Добавить в цитаты Настройки чтения

Страница 7 из 25



Отец Павел вздохнул и неопределенно покивал головой. Костя очень многое сделал для станции и обязан сделать еще больше. Сколько сил, крови и нервов стоило ему, простому священнику, чтобы заставить опытного менеджера и управленца, но при этом жутко домашнего человека взять власть в свои руки. Константин не любил власть, она его тяготила, обременяла и, как он считал, портила жизнь.

Костя сопротивлялся долго, упираться он тоже был мастер. Он не нуждался в станции, в её обитателях, врагах и друзьях. Впервые за долгие годы Костя получил возможность находиться с семьей круглые сутки, заниматься детьми, жить наконец для себя и своих любимых. Его не тяготил творившийся вокруг хаос, Костя знал, как защитить семью, знал, как выжить, и самое главное — знал, как при этом остаться человеком и создать себе «ареал обитания» — тихий и уютный.

То, чего Ивашов хотел для себя и родных, отец Павел желал всем динамовцам. Цивилизация, корчась в судорогах, умерла и погубила своих детей, однако выжившим — той крошечной горстке людей («счастливчики» — горько усмехнулся про себя священник), что продолжала нести в себе гаснущий, трепещущий из последних сил огонек жизни — нужна была новая цель, передышка перед стартом и рывок! «Мы поднимемся из руин, мы будем жить и властвовать на Земле!» — глаза Павла сузились, дыхание утяжелилось, — «слишком много грехов пришлось взять на душу, чтобы сейчас остановиться и сдаться».

Нахлынули воспоминания, постоянно бередящие, скребущие сердце. Перед глазами встали пять уродливых, перекошенных от ужаса лиц — кожаные маски смерти, застывшие на лысых черепах. Как он ненавидел эту пятерку — до дрожи в руках, до скрипа в сжатых зубах. Ненавидел всеми фибрами души, ненавидел так, как не может себе позволить воцерковный человек — яростно, отчаянно, зло… Память, жестокая, услужливая память, поколебавшись мгновение, через секунду явила картину, которую не забыть и не стереть — никогда — вот два автомата Калашникова, рыча и плюясь пулями, сделали мир чище.
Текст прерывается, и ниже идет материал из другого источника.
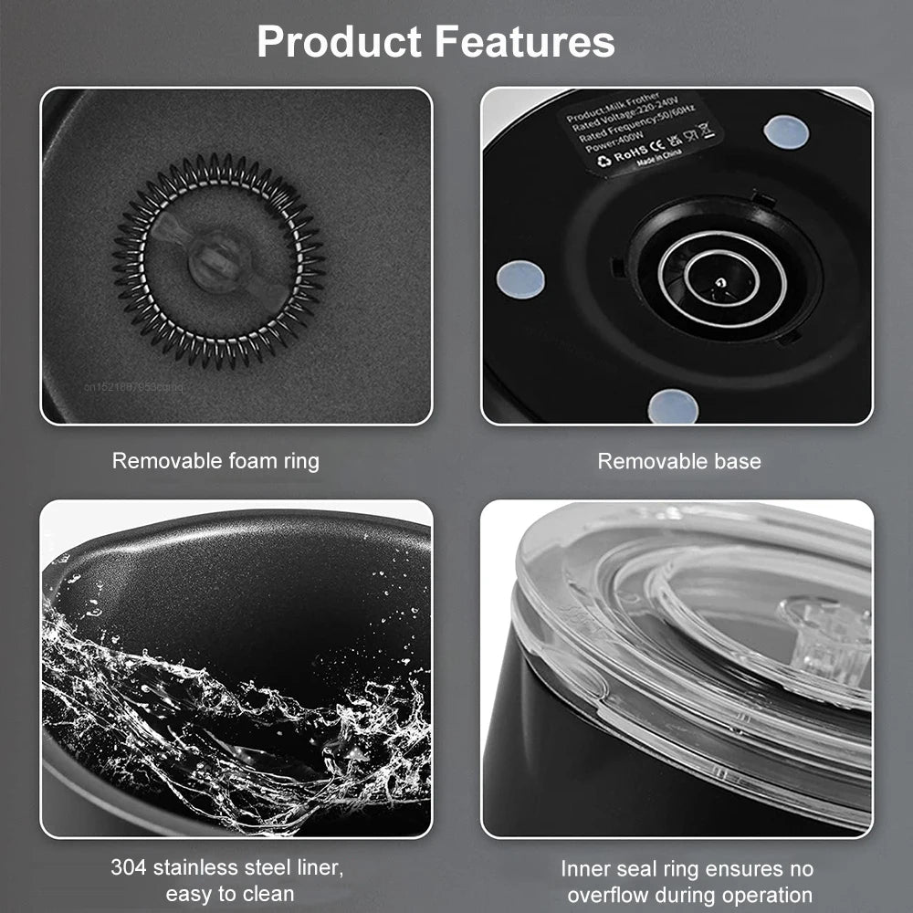 • 4-in-1 Versatility – Hot or Cold Foam: Create creamy foam, hot milk, or cold froth with one touch.
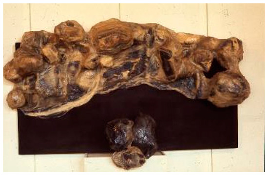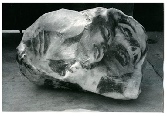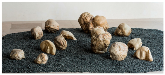 The disease is one of the means by which to voice the memory of the Holocaust and transmit it to future generations. The body speaks covertly, in a way that culture cannot control, as literary scholar Talila Kosh Zohar explains, and the disease of the female survivor’s body serves as a language through which memory is transmitted (Kosh Zohar 2013, p. 275). In the installation Tumors Personified (Figure 5), Szapocznikow’s face is cast onto a large number of tumors scattered over a surface that resembles bare soil. It seems that the faces are growing out of the tumors or that the tumors are enveloping and digesting them. The fragmentation evokes a feeling of suffering, and the humanized tumors are reproduced and spread over the earthy surface like metastases multiplying uncontrollably and spreading through a body. At the same time, they recall the appearance of a mass grave, which evokes not only the artist’s death but also mass death, the extermination of a people.

Как резко, четко и слаженно застрекотала пара калашей, зазвенел взбешенный металл, противно захлюпали превращающиеся в кровавые ошметки тела. Жизнь — никчемная, мерзкая, склизкая, давно уже покинула скорчившиеся на полу силуэты, но яркие вспышки выстрелов еще минуту нервными всполохами озаряли стрелявших — мстительные, хищные, каменные профили священника и будущего коменданта навечно впечатались в мрачные своды тоннеля.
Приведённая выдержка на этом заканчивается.